Stock indexes are something most of us have heard of, but we don't really know much about them. This article will explain what stock indexes are and how they work.
What is an index of stocks?
A stock index is just the average price of a large group of stocks, such as all the stocks on a certain stock exchange or all the stocks in a certain investing sector. Indexes are made up of stocks that have something in common, like being on the same exchange, coming from the same industry, or being the same size or located in the same place. Stock indexes show us how the economy is doing in a certain industry or exchange as a whole.
There are many stock indexes. In the US, the Dow Jones Industrial Average, the New York Stock Exchange Composite Index, and the Standard & Poor 500 Composite Stock Price Index are the most well-known.
What's the deal?
There are different ways to figure out what an index is. A "price weighted index" is an index that is based only on the prices of stocks. This type of index doesn't take into account how important each stock is or how big the company is.
On the other hand, a "market value weighted" index takes into account how big each company is. So, when a small company changes its prices, it has less of an effect than when a large company does.
The "market share weighted" index is another kind of index. This kind of index is based on the number of shares instead of the total value of those shares.
Index As a Way to Invest
Indexes also serve a very important purpose in that they can be used as investment tools on their own. Mutual funds that are based on an index have the same holdings as the index they are based on. So, if index A goes up by 1%, the Index A Mutual Fund also goes up by 1%. This has the huge benefit of being much cheaper.
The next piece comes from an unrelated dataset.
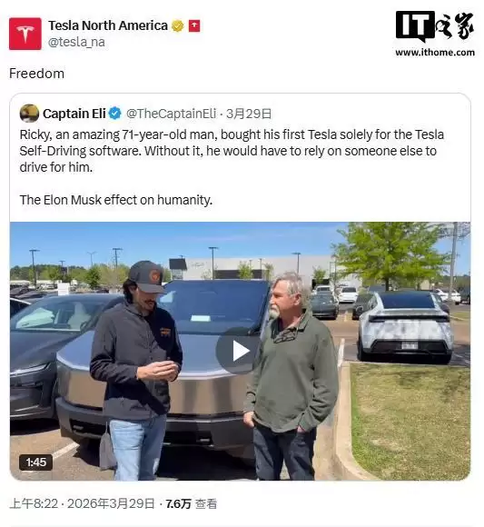 IT之家 3 月 30 日消息,据 Electrek 报道,特斯拉北美最新 X 账号转发推广了一则全新 Cybertruck 车主的采访视频。这位车主称,自己视力不断衰退,眼科医生建议他购买搭载 FSD 功能的特斯拉车型。

Plus, studies have shown that these index funds do better than managed funds most of the time.
The Big Ranks
The Dow Jones Industrial Average is one of the most well-known indexes in the world. It is a "price-weighted average" index made up of 30 of the most important companies in the United States. Some people don't think that 30 companies are enough to make an accurate assessment of such an important measurement, but it is reported every day all over the world.
The Standard & Poor 500 Index is made up of 500 US companies that were carefully chosen to show how the economy is doing as a whole.
Outside of the United States, the FTSE 100 Index, which is made up of 100 of the largest companies on the London Stock Exchange, is the most important index. It is one of Europe's most important indexes. The CAC 40 in France and the Nikkei 225 in Japan are also very important.